Details of individual killings are predictably grim, but I personally felt they were editorially justified. Although this is a companion piece to “The Act Of Killing”, it is not a sequel and needs to be able to stand alone; without some sense of the atrocities committed, it would be difficult for the filmmakers to realize that aim. Aspects of what happened are therefore worth reinforcing, however uncomfortable it might make us to hear about them: this was not a clinical process (and obviously this is not to suggest that the horror would have been in any way ameliorated if it had been). The fact is that these murders were grotesque and bizarrely ritualized with various superstitions attached.
As more than one death squad member recalls: “Luckily, I drank blood. If not, I'd be crazy.” It's all the more disgusting to remember that so many of these men are still in power, including a head of the legislature who cautions the filmmakers: “If you keep making an issue of the past, it will definitely happen again.”

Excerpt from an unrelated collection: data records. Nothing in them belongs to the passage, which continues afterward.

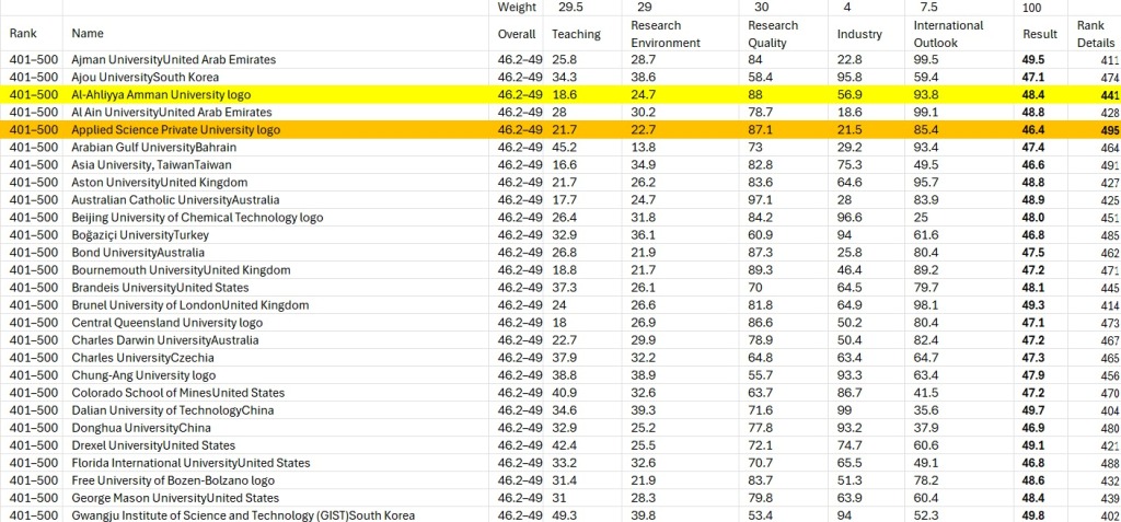 المرفأ…منعاً للتشويش والتضارب بنشرالأخبار حول نتائج تصنيف التايمز 2026 محلياً، تؤكد جامعة عمان الأهلية فوزها بالمركز الأول محليا ً، حيث جاءت في المرتبة 441 وبفارق 54 مرتبة عمن حل في المركز الثاني محلياً ضمن الفئة 401 – 500 عالمياً وفق الجدول المرفق الذي يوضح مجموع النقاط والمرتبة لكل جامعة ” بالتفصيل “.
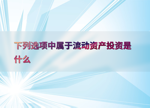在财务管理中,流动资产投资是指企业用于短期运营的资金投入。
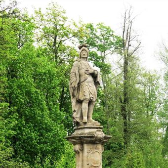 Socha svatého Vojtěcha na barokním mostě poblíž zámku Žďár

The film is rightly preoccupied with the mistakes of the past, the relevance of history and the lessons history can teach – or rather can't teach if that history is bastardized. A classroom scene shows a state-sanctioned version of these events being taught to schoolchildren. It bears about as much relation to what really happened as the schoolbooks of Oceania do in George Orwell's 1984.
Given this emphasis on establishing fact, a relevant area that feels perhaps marginally under served is US historical complicity with the mass killings (the American Embassy in Jakarta supplied the Indonesian military with lists of up to 5,000 suspected Communists). The hundreds of thousands of murders took place in an era when American politicians were terrified of communists, and Oppenheimer finds room for chilling NBC footage from Ted Yates reporting the events as “the single biggest defeat” of communists where “in many cases, whole families were liquified.” Later, an interview with a commander responsible for ordering the murders of 500-600 people proposes that he and his colleagues should be rewarded with gifts for their actions “because this is an international issue” and “America taught us to hate communists”, although of course the extent to which his testimony can be taken at face value is limited.
A laser-focused testimony of great value (and probable recognition come awards season, especially since “The Act Of Killing” lost out to “20 Feet From Stardom” at the Academy Awards), “The Look Of Silence” represents a tough but essential counterpoint to the more obviously extraordinary first film.